Compton's argument fails, for several reasons. First, Compton's $8.6 million damage calculation assumes that the PHA required Apache to measure the BS&W content in W&T's production using a proportional-to-flow sampler. Counsel for W&T conceded during the August 6, 2013 hearing that the $8.6 million "number is out the door" if Apache had no contractual obligation to use the proportional-to-sampler. (Docket Entry No. 100 at 82). The PHA did not require Apache to measure W&T's production using a proportional-to-flow sampler. Second, as noted above, the PHA did not incorporate the COPAS Guidelines; neither AG-21 nor AG-19 was a contract term. AG-19 is also inapplicable because it pertains to expenditure audits, not revenue audits like the audit to which W&T excepted. (Docket Entry No. 70, Ex. 11 at 1). Third, Opinion B, like Opinion A, would provide W&T with windfall damages. It is undisputed that W&T's production contained substantial amounts of BS&W. Measurements W&T took at its own platform showed that on average BS&W made up 28.55% of W&T's production. (Id., Ex. 4 at 25). Failing to adjust for BS&W would overallocate approximately 200,000 barrels to W&T. (Id., Ex. 4 at 196). Such a result goes beyond making W&T whole for any misallocation. See Ducote, 706 So. 2d at 675.
Apache's motion for summary judgment that the $8.6 million damage calculation in Opinion B is an improper measurement of damages is granted. W&T's motion that the $8.6 million is a valid measure of damages is denied.
3. Opinion C
Compton's report included a third alternative damage figure that adjusted W&T's production for BS&W. Rather than using Apache's BS&W measurements, Compton adjusted W&T's production using shakeouts that W&T took on its own platform, ST-229. (Docket Entry No. 70, Ex. 2 at ¶ 69).
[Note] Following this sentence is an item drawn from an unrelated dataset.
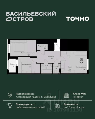 ЖК "Васильевский остров" — масштабный проект ТОЧНО в Казанской агломерации. Просторная территория 88 Га спроектирована для комфортной жизни: озеро с набережной и пляжем, каток, зелёные маршруты. В проекте комплекса — школа на 1 224 места, 2 детских сада на 680 мест, детская и взрослая поликлиники, фитнес-центр с бассейном, термальный комплекс, фермерский рынок, магазины, кафе и рестораны.
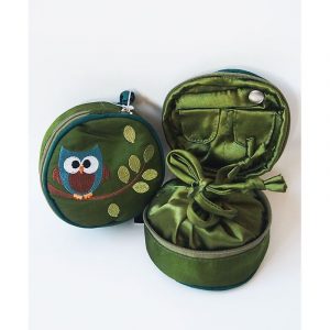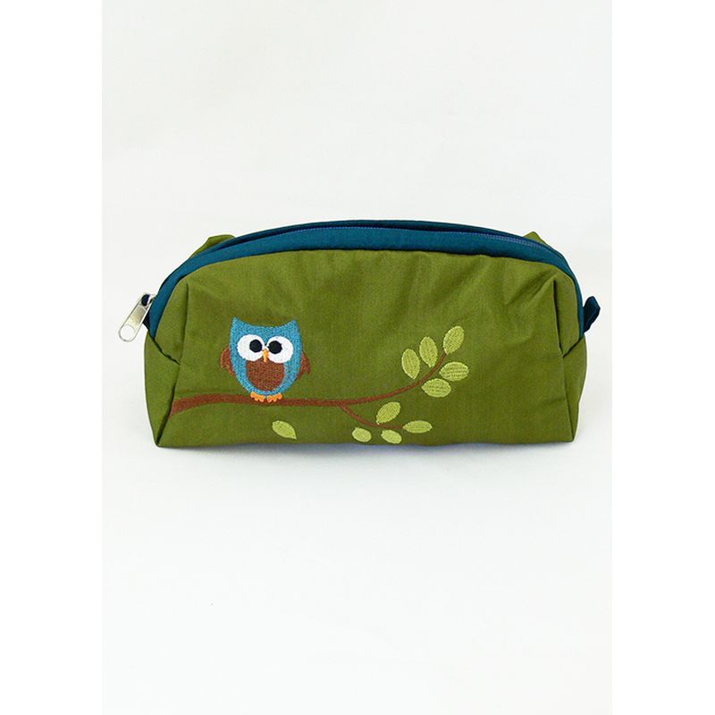 Portatrucco in seta verde con ricamo gufetto. Interno foderato con due tasche a scomparto.

Compton did not explain why W&T's shakeouts were more reliable than Apache's.
The shakeouts W&T took on its platform averaged 28.55% BS&W. (Id., Ex. 4 at 26-27). Compton adjusted W&T's production by 28.55% and concluded that Apache owed W&T $4,776,240.33. Compton examined Apache's well tests, but he did not use them in his calculations because he believed they were "incomplete and inconsistent." (Id., Ex. 2 at ¶ 49). Apache contends that the PHA precludes Compton's methodology and that he reached an absurd result.
Apache argues that Compton's failure to use Apache's well tests in damage calculations violates § 6.01(c) of the PHA. Section 6.01(c) states that "Other Production," which includes Apache's production, "will be determined based on production information obtained from well tests." (PHA § 6.01(c)). Apache argues that the PHA bars using an allocation determination that fails to use its own well-test data. (Docket Entry No. 70 at 15). This argument is unpersuasive because § 6.01(c) does not require using only Apache's well tests to allocate production between Apache and W&T. The PHA does not bar W&T from presenting a damage calculation based on its own well tests provided that it explains why it rejected the Apache well tests as inaccurate. Compton at least presents such an explanation.
Apache is nevertheless entitled to summary judgment because the method Compton used to reach the $4.7 million damage calculation produces results that are incorrect, and as a matter of law, unreliable. Apache has presented uncontroverted evidence that there are at least 39 days in which Compton's calculation method resulted in W&T's total production exceeding the total combined production of W&T and Apache that was actually measured at the LACT meter. (Docket Entry No. 70, Ex. 4 at 53-55). This is an impossible result. To avoid this, Compton capped W&T's daily allocations at 100% of the volume measured at the LACT meter. (Id., Ex. 2 at ¶ 61). This meant that Compton did not allocate any production to Apache on those days even though it is undisputed that Apache's wells were producing throughout the period. A damages calculation that reaches such results is unreliable as a matter of law and inadmissible under Federal Rule of Evidence 702. See Curtis, 174 F.3d at 668.
Counsel for W&T claimed at the August 6, 2013 hearing that Apache's lack of production on these 39 days may be due to the fact that it stored its production in tanks located on the GI-116 platform. (Docket Entry No. 100 at 86-87). W&T has not cited any summary-judgment evidence supporting this assertion.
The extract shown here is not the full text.